> **AIM OF THE TASK**
Pictures do not belong in the copy. Write out exactly the lines from the one containing "Histochemical and Immunohistochemical" through the end of the data.

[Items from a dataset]
┌──
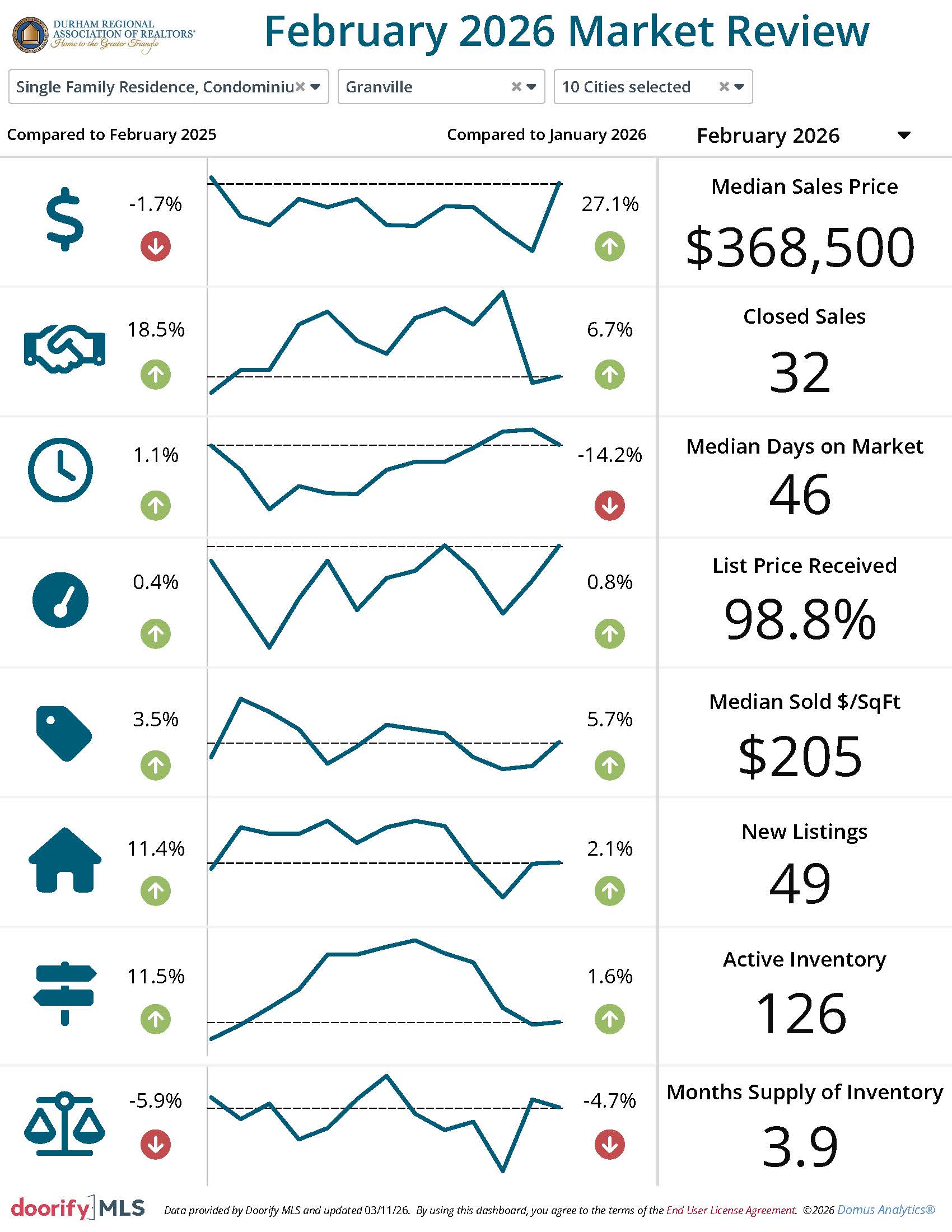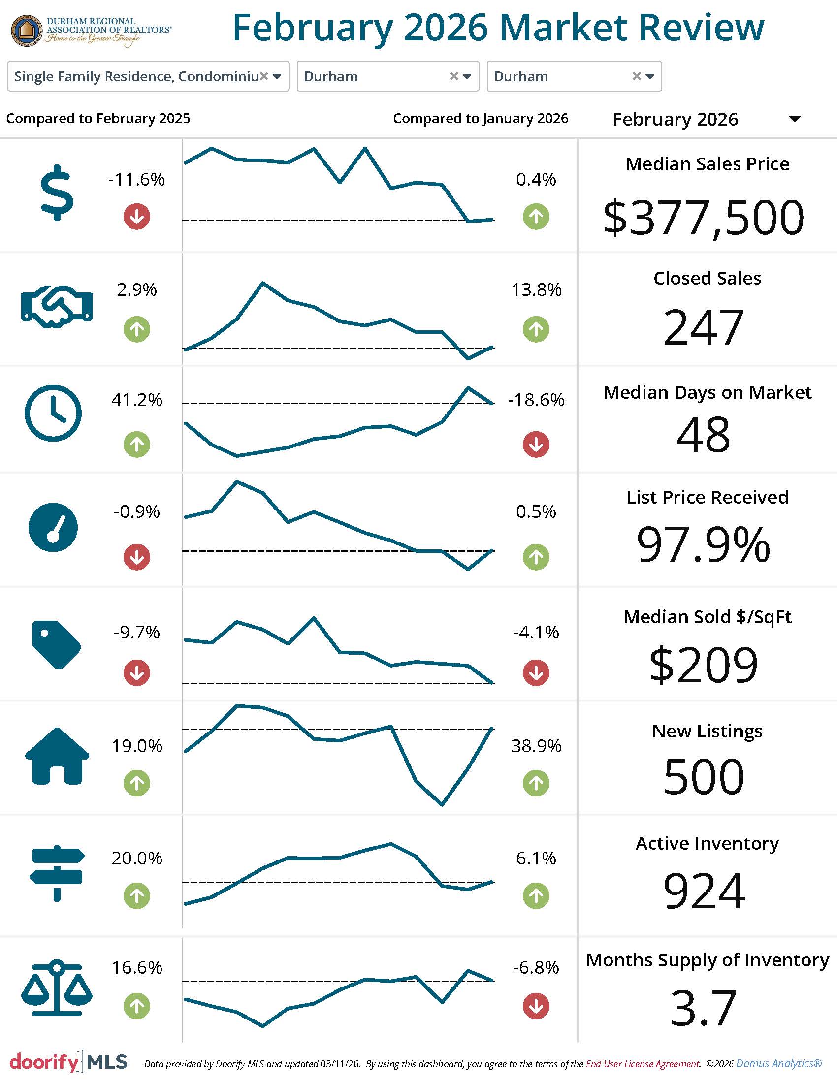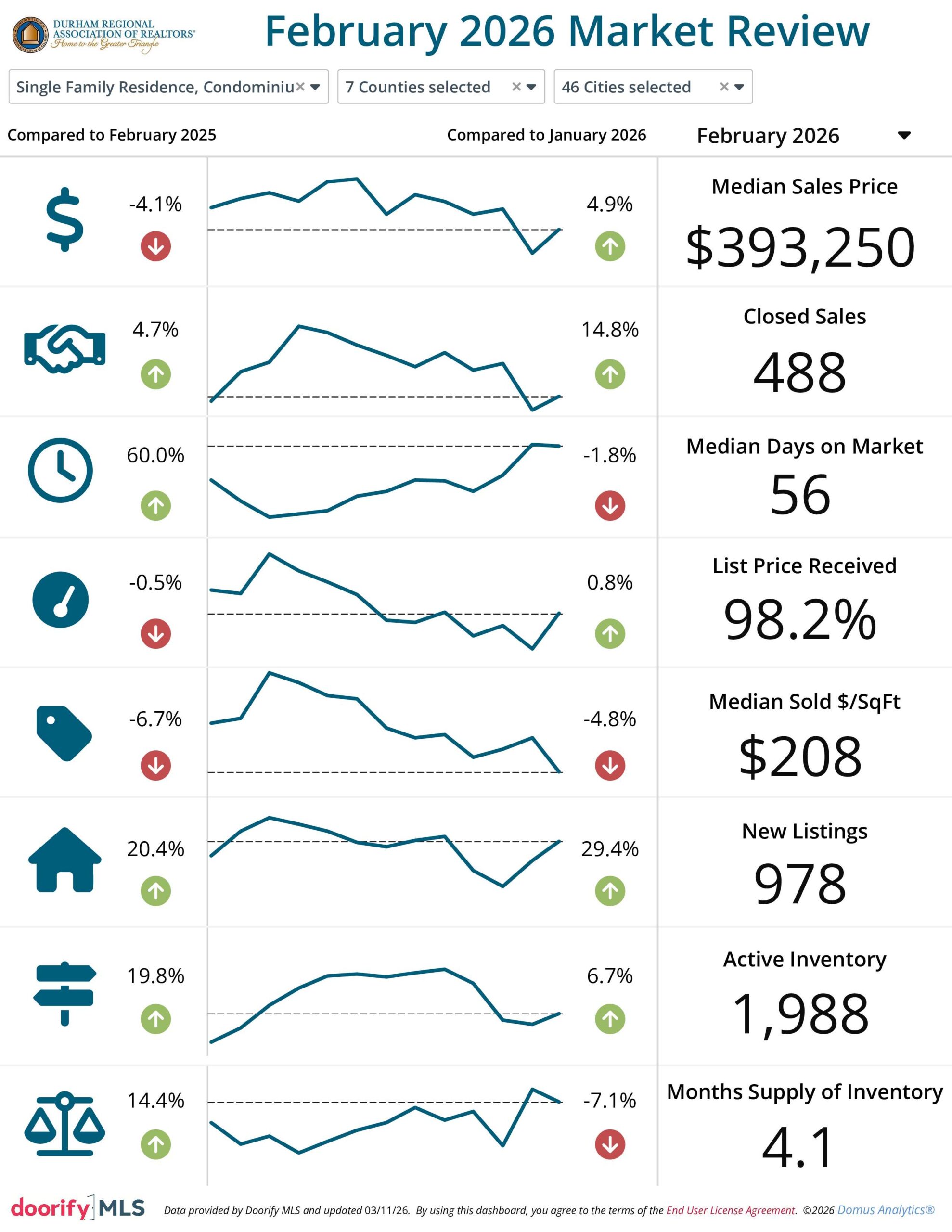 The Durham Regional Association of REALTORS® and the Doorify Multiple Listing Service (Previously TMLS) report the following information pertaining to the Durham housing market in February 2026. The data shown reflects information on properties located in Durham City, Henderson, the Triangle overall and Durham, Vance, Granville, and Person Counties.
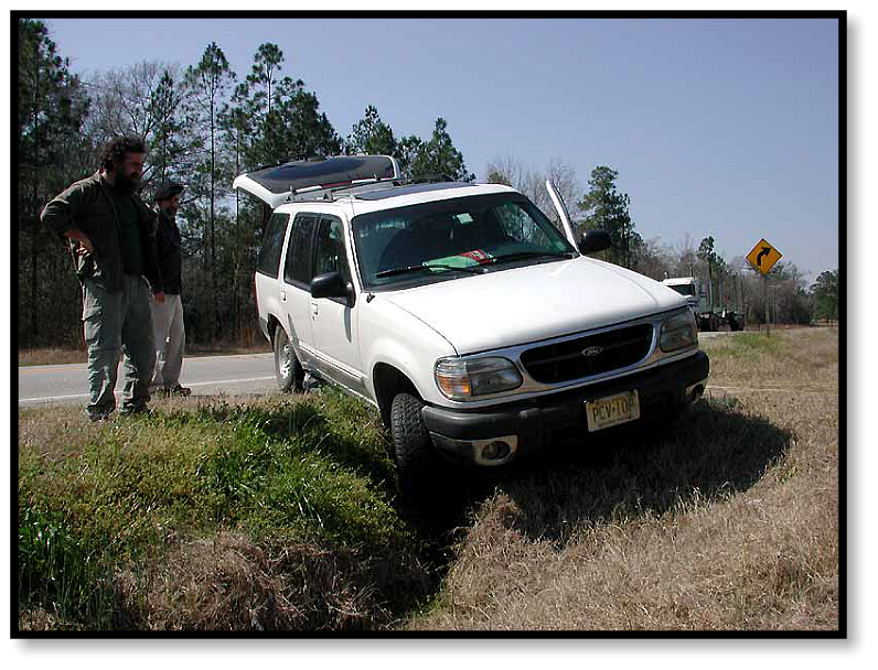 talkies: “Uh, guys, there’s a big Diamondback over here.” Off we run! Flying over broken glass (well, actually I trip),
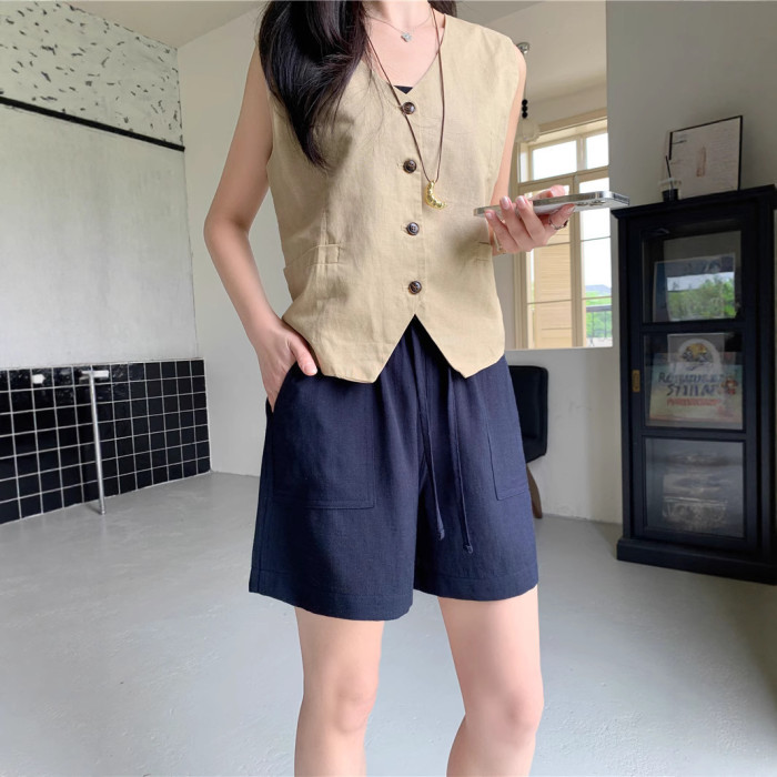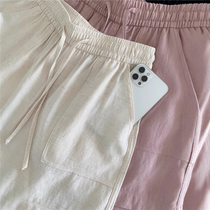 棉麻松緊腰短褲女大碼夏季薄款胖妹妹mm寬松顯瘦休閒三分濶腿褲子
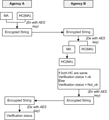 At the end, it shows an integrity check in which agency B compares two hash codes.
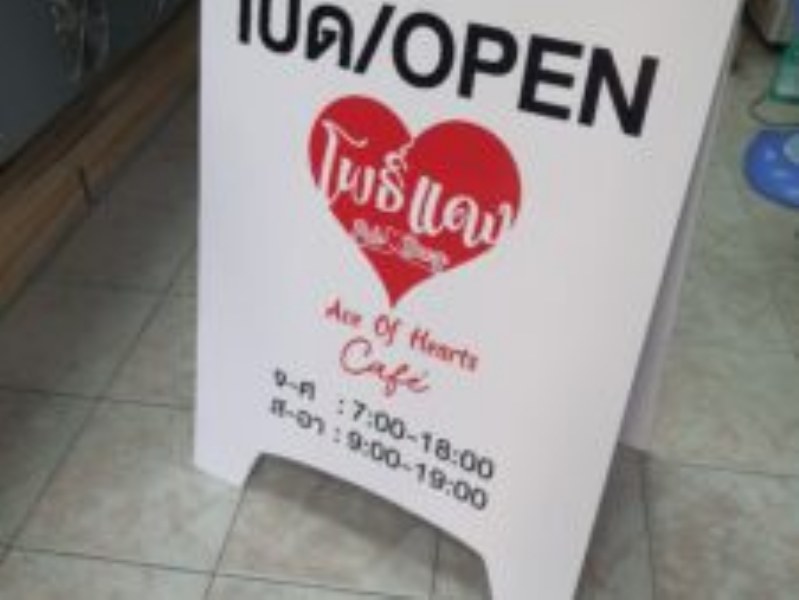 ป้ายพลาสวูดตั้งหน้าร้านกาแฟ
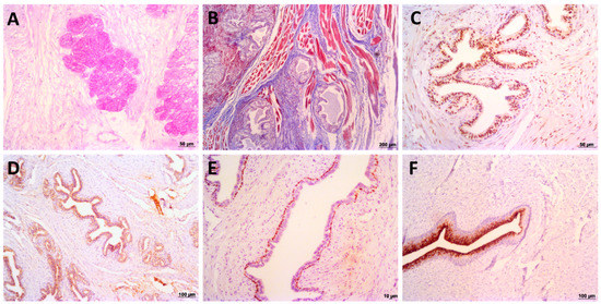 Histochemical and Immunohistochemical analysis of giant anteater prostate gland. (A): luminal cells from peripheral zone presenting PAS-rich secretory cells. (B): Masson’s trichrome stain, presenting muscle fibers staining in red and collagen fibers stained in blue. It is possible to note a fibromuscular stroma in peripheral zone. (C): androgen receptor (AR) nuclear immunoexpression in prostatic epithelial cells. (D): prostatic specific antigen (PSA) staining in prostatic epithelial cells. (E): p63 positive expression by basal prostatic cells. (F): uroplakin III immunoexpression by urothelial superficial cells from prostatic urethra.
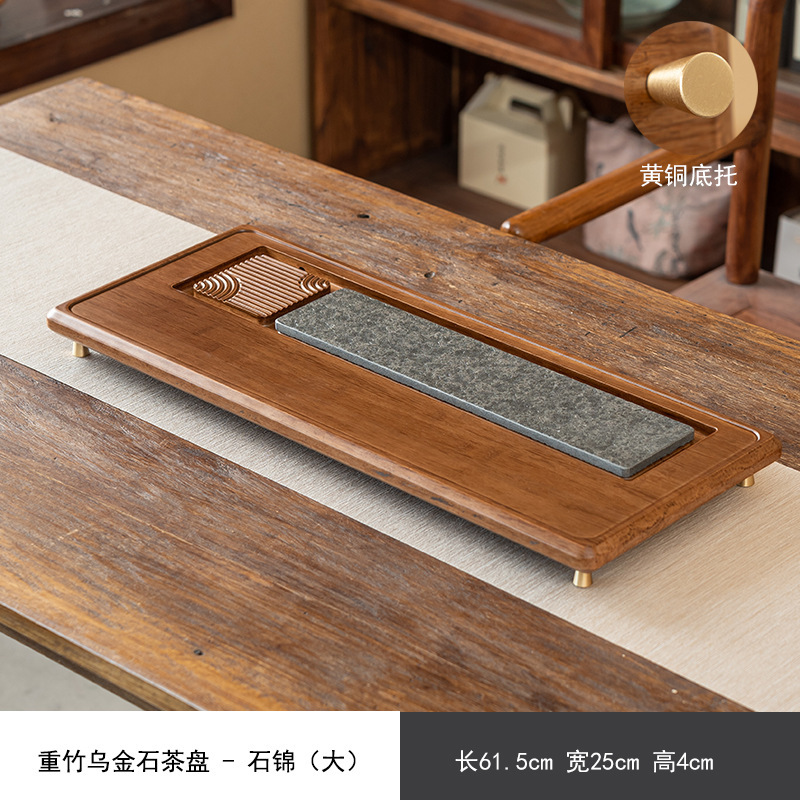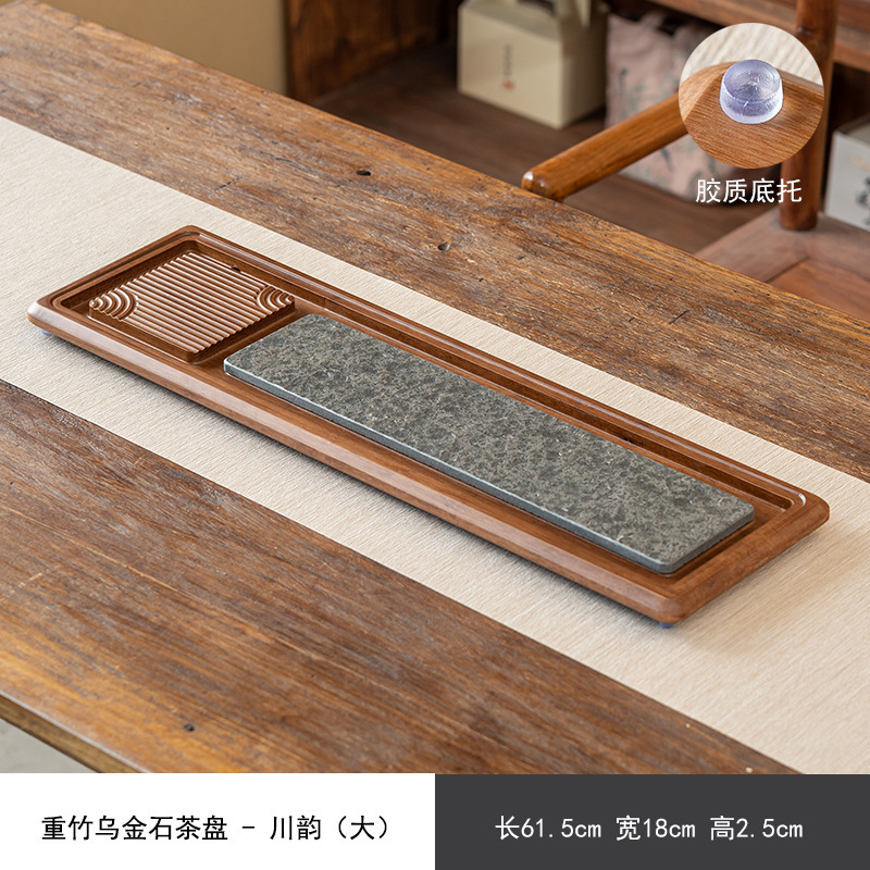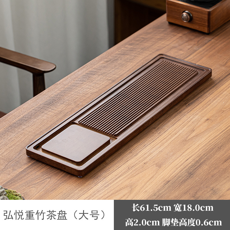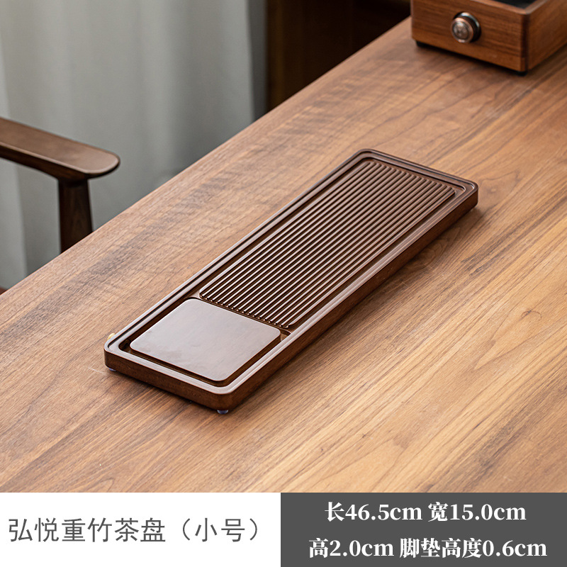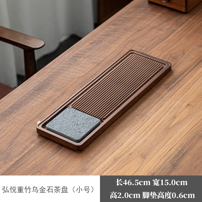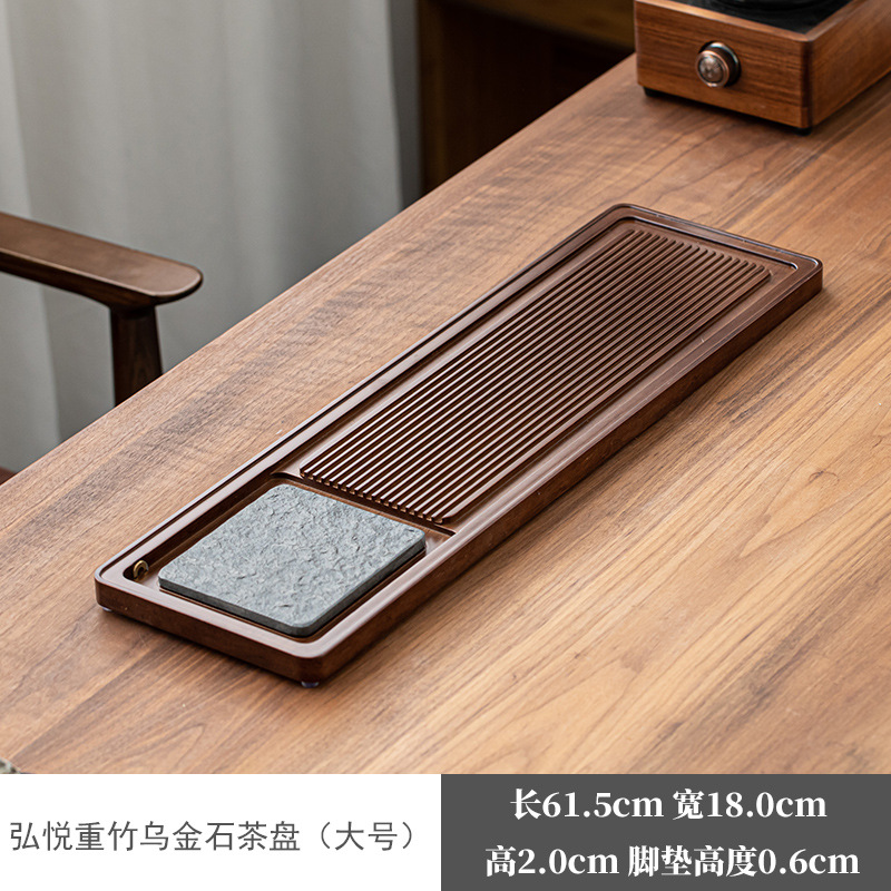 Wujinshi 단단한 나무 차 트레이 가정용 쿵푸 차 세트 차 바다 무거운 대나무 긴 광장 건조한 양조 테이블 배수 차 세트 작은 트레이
└──
> **RESULT OF THE TASK**
 Histochemical and Immunohistochemical analysis of giant anteater prostate gland. (A): luminal cells from peripheral zone presenting PAS-rich secretory cells. (B): Masson’s trichrome stain, presenting muscle fibers staining in red and collagen fibers stained in blue. It is possible to note a fibromuscular stroma in peripheral zone. (C): androgen receptor (AR) nuclear immunoexpression in prostatic epithelial cells. (D): prostatic specific antigen (PSA) staining in prostatic epithelial cells. (E): p63 positive expression by basal prostatic cells. (F): uroplakin III immunoexpression by urothelial superficial cells from prostatic urethra.
 Wujinshi 단단한 나무 차 트레이 가정용 쿵푸 차 세트 차 바다 무거운 대나무 긴 광장 건조한 양조 테이블 배수 차 세트 작은 트레이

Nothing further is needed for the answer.